While Hamas leaders in the past have at times expressed to English-language news outlets they would accept a state along the pre-1967 lines, the group’s official spokespeople and media continue on a near-daily basis to promise to take back the entire land of historic Palestine, including the entire state of Israel.

On Wednesday, senior Hamas spokesperson Sami Abu Zurhi wrote on Twitter: “Hamas’s goal remains to liberate every inch of Palestine, and restore its Islamic, Arab and humanistic identity.”

During his interview with Al-Jazeera, Hamdan also commented on Trump’s campaign pledge to move the US Embassy in Israel from Tel Aviv to Jerusalem.

“[Trump] has to make a choice whether he wants to create peace in the region or he wants to add more oil on the fire,” he said.

Palestinian protesters in Rafah in the southern Gaza Strip burn a placard depicting US President Donald Trump during a demonstration against his pledge to move his country's embassy to Jerusalem, on January 24, 2017. (AFP PHOTO / SAID KHATIB)

Palestinian protesters in Rafah in the southern Gaza Strip burn a placard depicting US President Donald Trump during a demonstration against his pledge to move his country’s embassy to Jerusalem, on January 24, 2017. (AFP/Said Khatib)

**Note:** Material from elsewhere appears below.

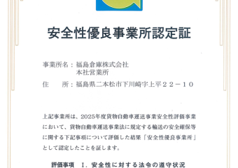 2025年12月16日安全性優良事業所認定証(Gマーク)の更新審査にて「安全性優良事業所」として認定されました。
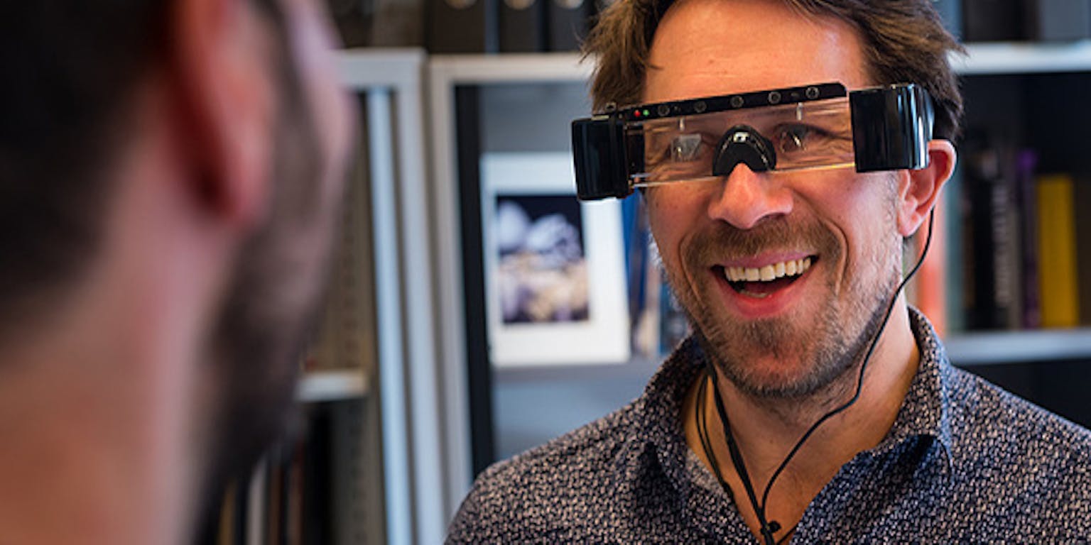 Een bril die de woorden van je gesprekspartner live ondertitelt op de binnenkant van je glazen, alsof je een film kijkt. Taalonderzoeker Niels Schiller heeft hem mede-ontwikkeld. “De bril is bedoeld voor doven en slechthorenden, maar met een beetje fantasie stoppen we er een vertaalfunctie in. Dan kan je hem meenemen op vakantie, als vertaalbril.”

“Palestinians will not accept to abandon Jerusalem, they will not accept to abandon their rights,” he added.

When asked whether or not the embassy moving to Jerusalem would lead to renewed violence, Hamdan said: “I don’t accept the idea of having violence from the Palestinian side.”

However, he added, “Now if there were changes or the United States administration tries to make a change in the status of Jerusalem, of course that will mean an action from the Palestinian side and no one can control that.”

During the interview, the Hamas leader also defended the use of suicide attacks against Israeli civilians.

“What’s the problem in that: the bombs or the suicide actions?” he asked, while making a comparison to Israeli military attacks hitting Palestinian civilian areas.

“As Palestinians we don’t have… tanks…so we use what we have,” he added.

Hamas officials recently rejected the ruling of the Muslim Brotherhood’s most senior cleric forbidding suicide attacks.